Oops! Just as President Barack Obama's campaign was enjoying a big favorability advantage with women, a prominent female ally tripped over an old unwritten rule: Lay off your opponent's kinfolk.
Team Obama rushed out like a bucket brigade to put out the fires after an on-air gaffe by Hillary Rosen, a Democratic strategist, CNN commentator and friend to many in the Obama White House.
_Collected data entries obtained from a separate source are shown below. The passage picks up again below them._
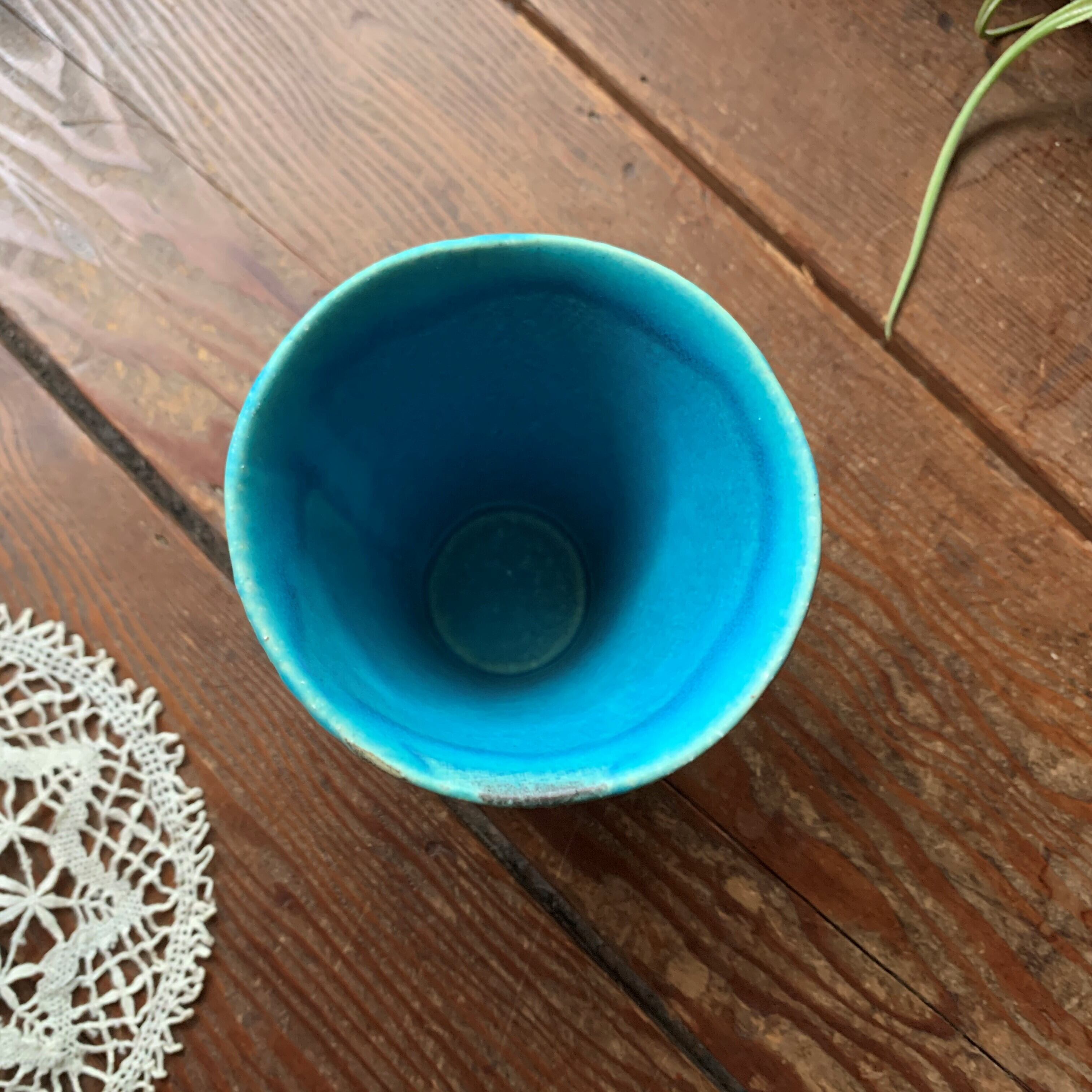 きれいなターコイズブルーに個性豊かな刻文の入ったカップです。いつものティーブレイクに彩りをプラスしてくれます。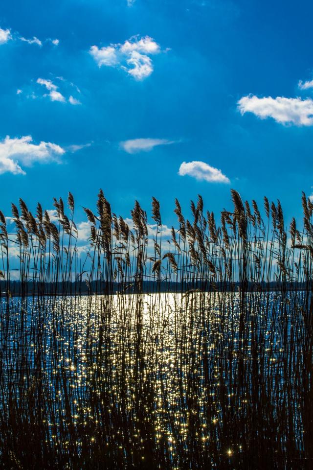 Wallpaper Reeds in a river under a beautiful blue sky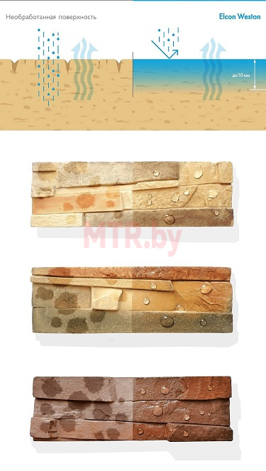 Лак Elcon Weston с эффектом «мокрого камня» предназначен для защитно-декоративной окраски искусственного и натурального камня внутри и снаружи помещений.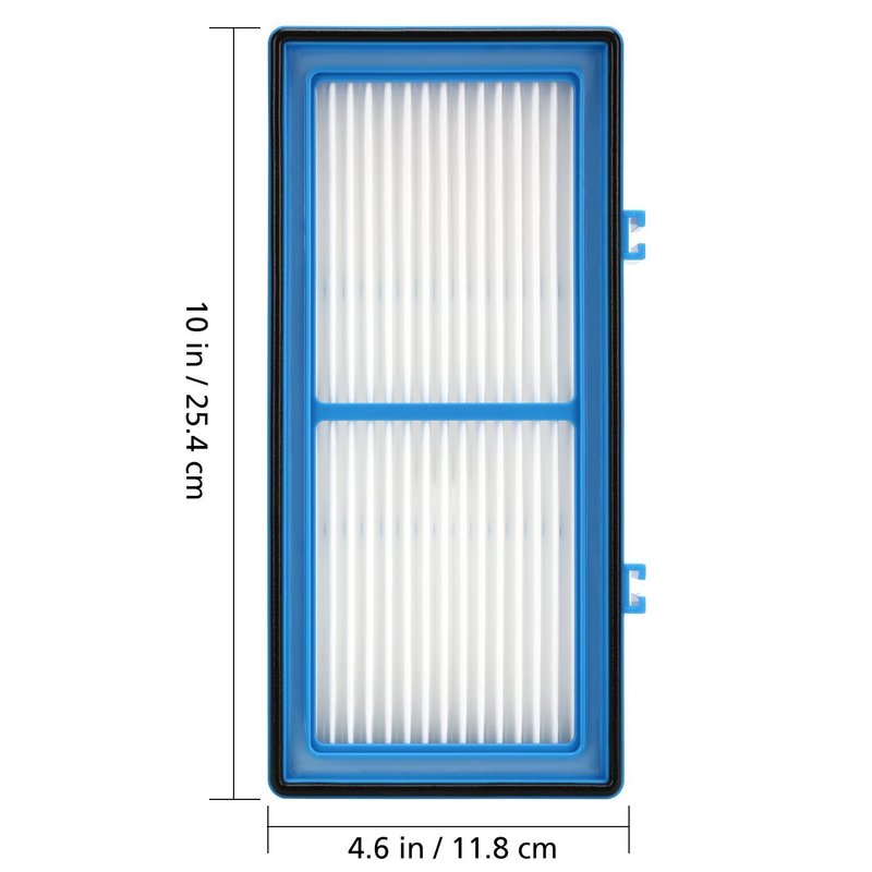 - SIZE: HEPA filter measures 1.2 x 10 x 4.6 inches and the carbon filter measures 9.5 x 4 x 0.25 inches.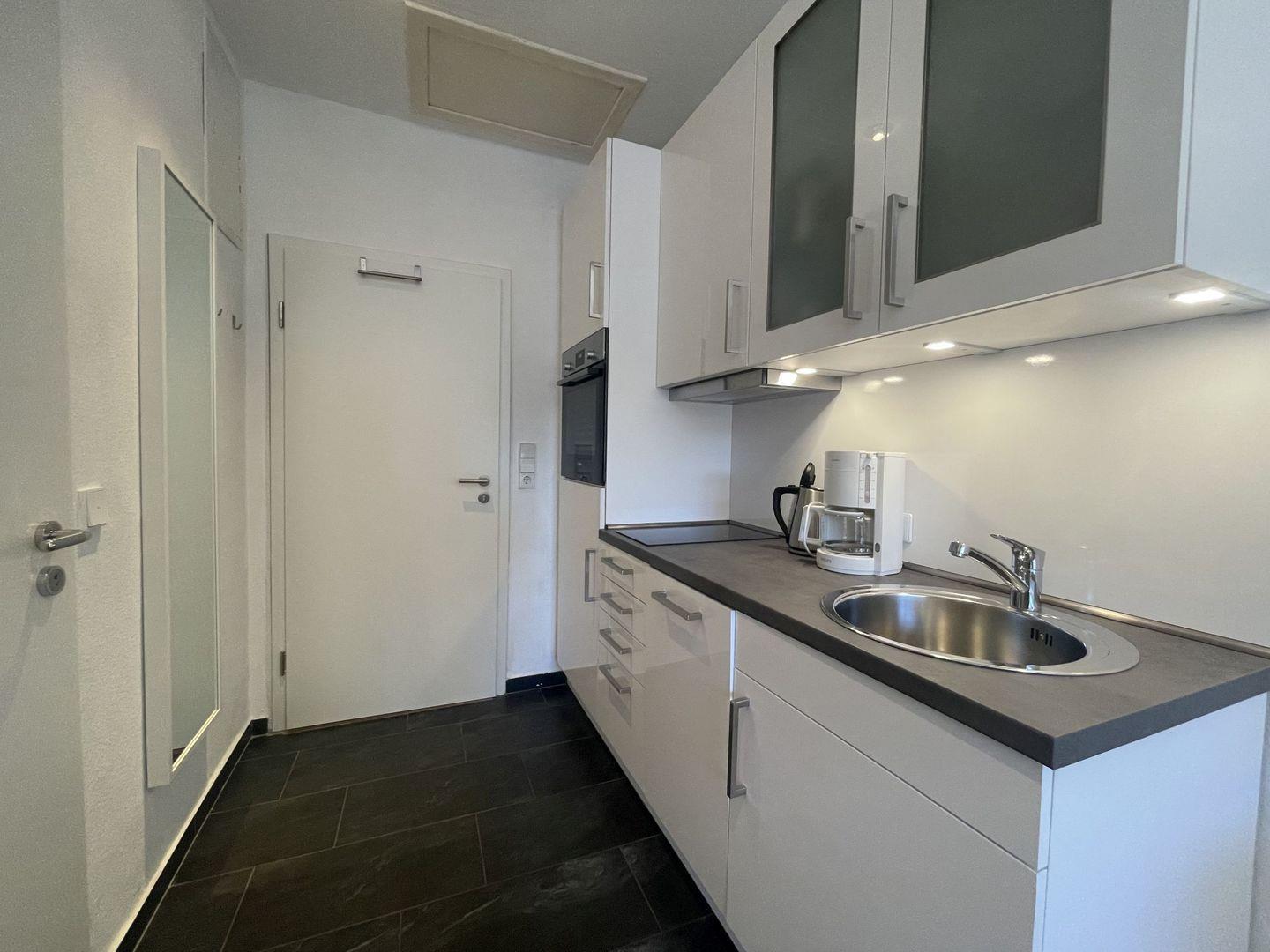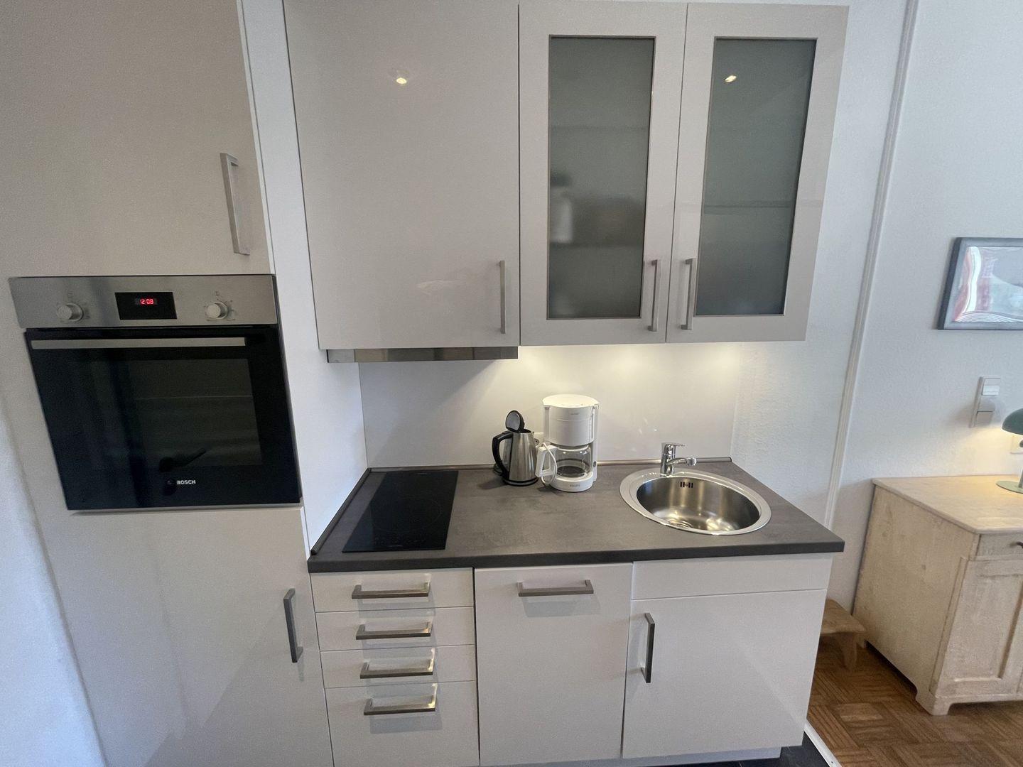 Die Kochnische in der Unterkunft ist modern eingerichtet und bietet Ihnen alles, was Sie brauchen, um Ihre Lieblingsgerichte zuzubereiten. Der Herd mit Ceranfeld, der Backofen sowie die Mikrowelle machen das Kochen zum Kinderspiel. Zusätzlich stehen Ihnen ein Kühlschrank und ein Gefrierfach zur Verfügung, um Ihre Lebensmittel zu lagern. Geschirr und Besteck sind ebenfalls vorhanden, sodass Sie sich bei Bedarf selbst versorgen können. Ein gemütlicher Esstisch und eine Sofaecke laden dazu ein, gemeinsame Mahlzeiten zu genießen oder einfach nur zu entspannen.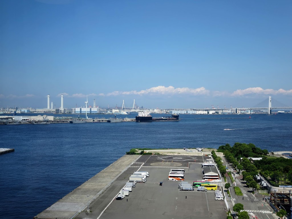 最後に、背後のホテルの15階のお部屋から少しズームして、横浜のベイビューを眺めた写真を掲載します。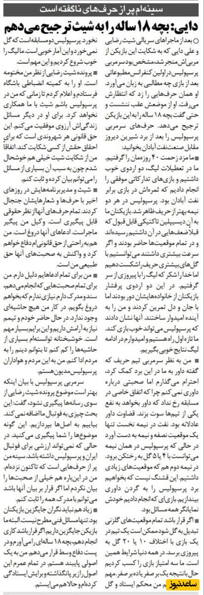 - پرونده بازگشت شیث رضایی به پرسپولیس از نظرم مختومه است. او را به کمیته انضباطی باشگاه فرستادم و اعلام کردم تا وقتی من در پرسپولیس هستم، رضایی با ما همکاری نخواهد کرد. البته این حق قانونی هر شهروندی است که بابت احقاق حقوق خود از دیگران شکایت کند و اتفاقا من از شکایت شیث رضایی خیلی هم خوشحال شدم چون میتوانم بسیاری از مسائل را بیان کرده و ثابت کنم ( در آن مقطع صحبت بر اثر این بود که شیث رضایی از علی دایی شکایت کرده است )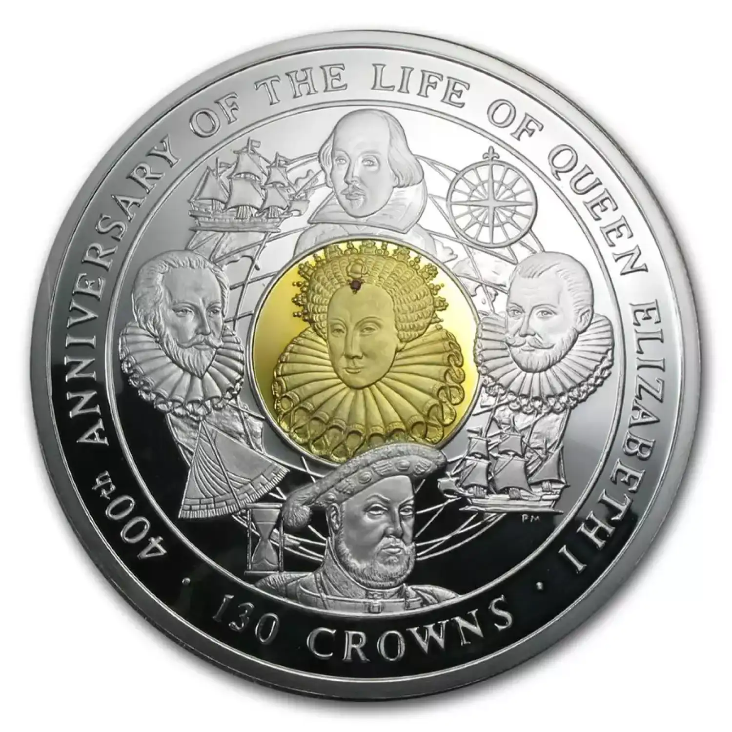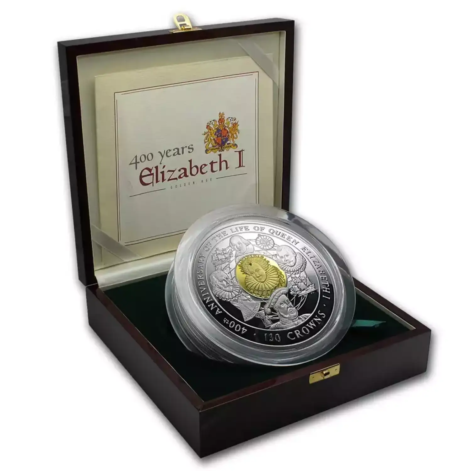 This stunning 4 kilo Silver coin with Gold accents and a ruby inlay pays tribute to the 400th anniversary of Queen Elizabeth I, daughter of Anne Boleyn and Henry VIII, and one of England’s most notable Monarchs.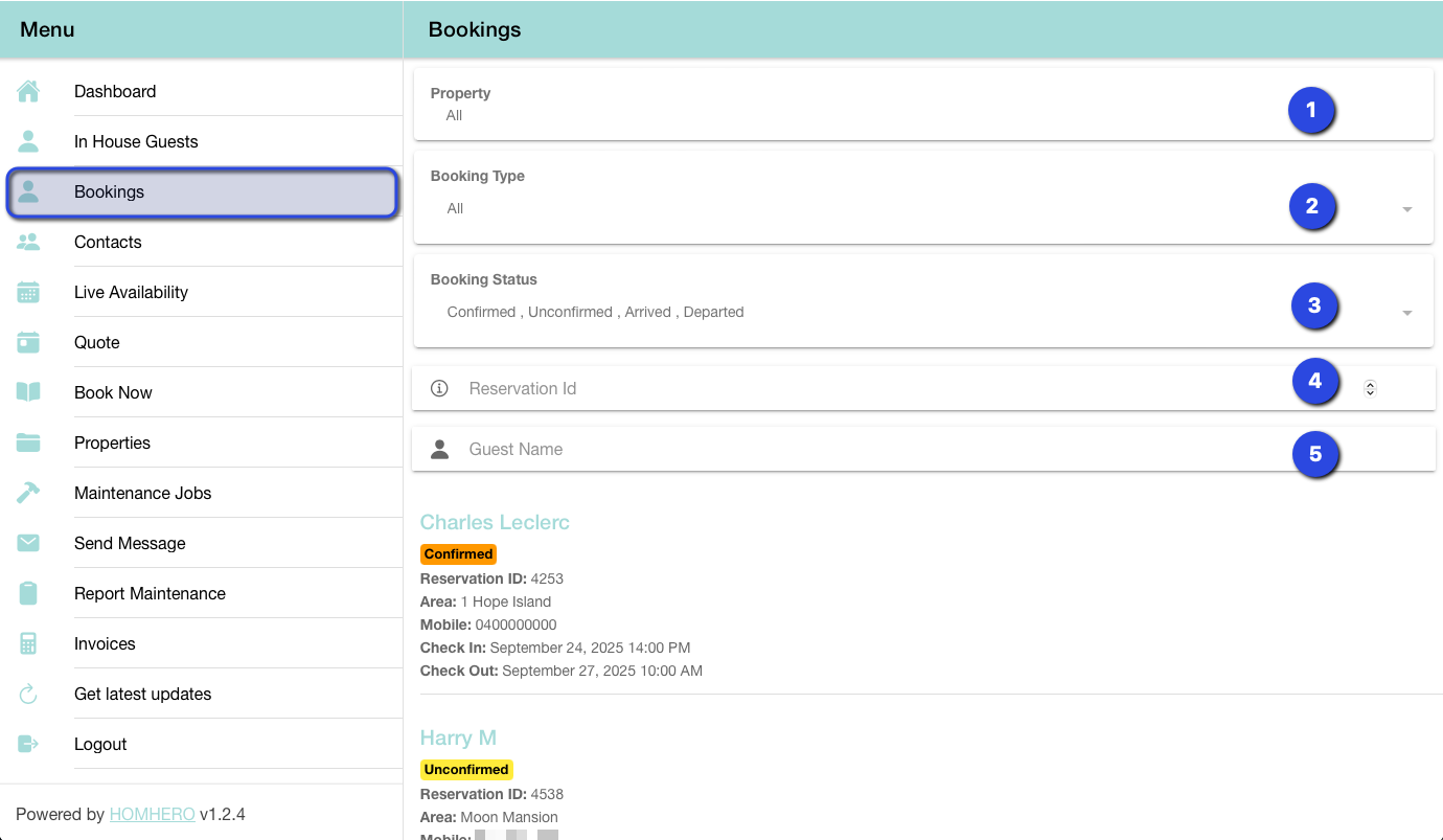 - Enter a Guest Name to display any bookings related to that guest in the list.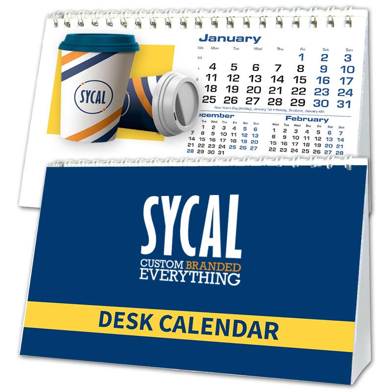 An A5 Desk Calendar with 12 branded calendar pages, as well as a custom branded cover.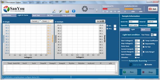 4)多次测量功能:每次测量之间时间间隔可调,光照和暗态条件下I-V曲线多次测量,并曲线叠加显示,太阳能电池基本参数统计功能,数据自动排序保存;
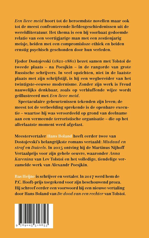 Fjodor Dostojevski (1821-1881) bezet samen met Tolstoi de tweede plaats – na Poesjkin – in de rangorde van grote Russische schrijvers. In veel opzichten, niet in de laatste plaats met zijn schrijfstijl, is hij een wegbereider van het twintigste-eeuwse modernisme. Zonder zijn werk is Freud nauwelijks denkbaar, zoals op verbluffende wijze wordt geïllustreerd met Een lieve meid. Spectaculaire gebeurtenissen tekenden zijn leven; de meest tot de verbeelding sprekende is de openbare executie – waartoe hij was veroordeeld op grond van deelname aan een vermeende terroristische organisatie – die op het allerlaatste moment werd afgelast.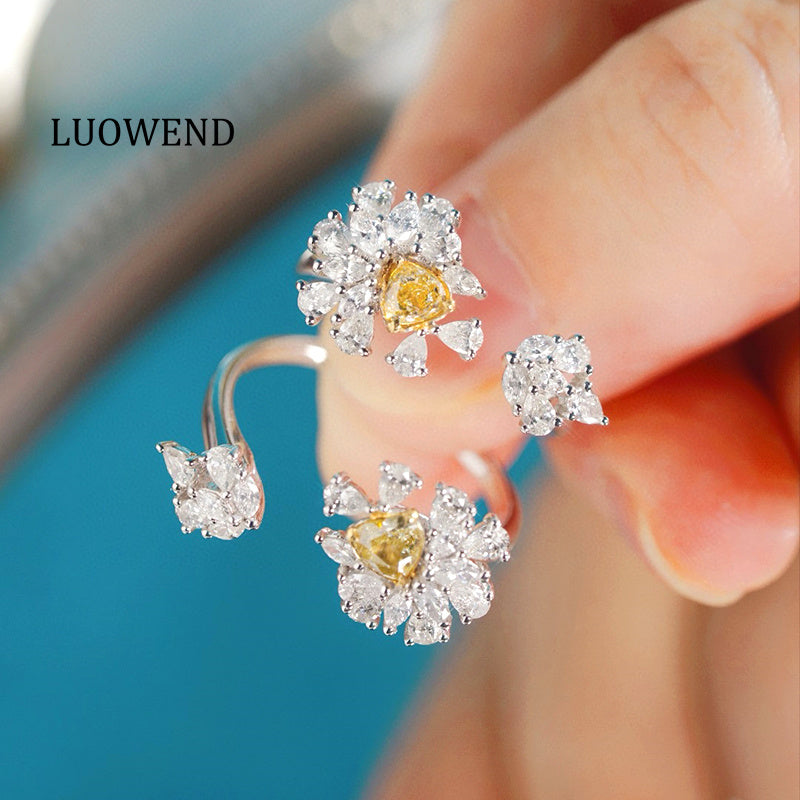 LUOWEND 18K White Gold Natural Yellow Diamond Ring for Women

Or, at least, they were friends before she said on CNN that Ann Romney should not be advising her husband on women's economic concerns since she'd never "worked a day in her life."
Rosen apparently forgot that a more correct description, politically and factually, for the stay-at-home mother of five children would be "worked outside of her home."
As the backlash hit the fan, Rosen apologized profusely in print and on CNN. And Ann Romney demonstrated her own effectiveness as an asset to the Romney campaign by responding with grace, wit and intelligence. "I made a choice to stay home and raise five boys," she tweeted. "Believe me, it was hard work."
Indeed. For supporters of Romney, suffering a double-digit deficit with women in the latest polls, Rosen's comment was low-hanging fruit -- which Team Obama counterattacked like locusts.
Yet Democrats suddenly found themselves on the defensive on a topic they have owned for weeks as they attacked a Republican "war against women." Republicans now came back, charging a war by Obama against moms.
Rosen is not an adviser to President Obama, his campaign or the Democratic National Committee. But the Romney campaign was not about to let those inconvenient facts get in the way of a good attack campaign.
Romney surrogates and other supporters used Rosen's remark as evidence that Obama doesn't understand women or value mothers.
Rep. Cathy McMorris Rodgers (R-WA) and Rep. Cynthia Lummis (R-WY) claimed there was "clearly a connection between Rosen and the Obama administration" for many years, reporting that Rosen, an unaligned Democratic strategist, had "visited the White House 35 times." White House press secretary Jay Carney later confirmed that Hilary Rosen has visited the White House "on a number of occasions for large events, large meetings having to do with communications, things like that." But a visit doesn't mean that she met with or advised the president.
Nevertheless, Romney's supporters were eager to tie Rosen to Obama, whose people were just as eager to pretend they never heard of Rosen. Obama's top advisors immediately condemned her remarks as "offensive and inappropriate."